Boe will be a walk-on to the Tufts lacrosse team, and said the coach understands her situation and has said she will get a second chance in the 2019-2020 academic year if she does not make the team this time around. At the very least Boe plans to play intramural sports; she admits not liking to sit around.

But her forced inactivity has given her perspective. She recalled Oakley Gordon, another three-sport standout who was two years ahead of her at MUHS and lost most of his senior year to an ACL injury.

She saw Gordon’s injury at a Tiger football home semifinal.

“I didn’t know him that well. And I had my couple days of feeling sorry for him, and then kind of I went on with my life, just like everyone else did,” Boe said.

She sees these injuries differently now. For example, Boe’s mother, Kathy Boe, said her daughter reached out to support another ACL victim last fall, Vergennes Union sophomore soccer player Emily Rooney.

As Andi Boe put it, “I felt so much more empathy for people like Oakley Gordon.”

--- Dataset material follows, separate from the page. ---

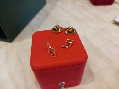 Милый маленький скрипичный ключик и золотые нотки = отличный дуэт. Ношу их на воротнике белой рубашки. Обожаю.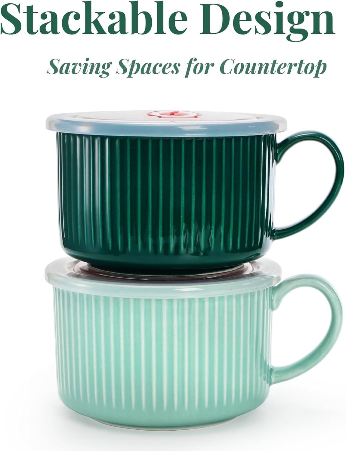 Microwave Safe Ceramic Mugs: Made of high-grade ceramic, our ramen mugs are sturdy and durable, non-toxic and BPA free, safe to clean in dishwasher. Also, our microwaveable mugs could quickly reheat your foods as both lids and the body can withstand high temperatures up to 248°F.

Boe stayed with her teams after the injury, rarely missing a game and attending most practices, and she emphasized her friends and teammates supported her. She hopes all who know athletes in a similar position will do the same, and pledged herself to do more in the future.

“I definitely realized how much I brushed off everyone else’s injuries before I was hurt, for sure. Even just like seeing someone out for a week, I got it,” Boe said. “I know how much that is awful. It wasn’t, you’re out for a week and I’m out for nine months. I understand how hard it is to be out for a week for you.”

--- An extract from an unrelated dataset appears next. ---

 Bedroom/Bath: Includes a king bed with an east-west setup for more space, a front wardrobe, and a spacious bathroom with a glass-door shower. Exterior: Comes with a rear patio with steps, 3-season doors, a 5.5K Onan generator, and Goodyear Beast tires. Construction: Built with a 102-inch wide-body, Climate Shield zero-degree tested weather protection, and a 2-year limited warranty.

And she recommends to those in her shoes they devote themselves to rehab, both for their physical and mental health.

“Someone told me before I had the surgery it’s one-third what your doctor does and two-thirds what you do,” Boe said. “I think it’s good to know a couple things. One of which is obviously physically you need that to be able to come back at all, never mind six months or nine months or however soon you want to be back. And just like mentally, if you’re a high-level athlete who releases frustration and stuff through playing sports, then you still need to get from somewhere, and exercise and rehab is where I got that.”

Rosenberg, who had been watching Boe play soccer and lacrosse with his daughter Isabel since elementary school, called providing medical care for Boe both a special privilege and a responsibility.

And Rosenberg was there on the sideline, as he often is with his camera during Isabel’s games, when Boe scored 1:51 into the first game of her return.

“I went nuts. I yelled and she looked up at me and I gave her a fist pump and she gave me a big smile. It was awesome,” he said. “Honestly it was one of the most rewarding moments of my career.”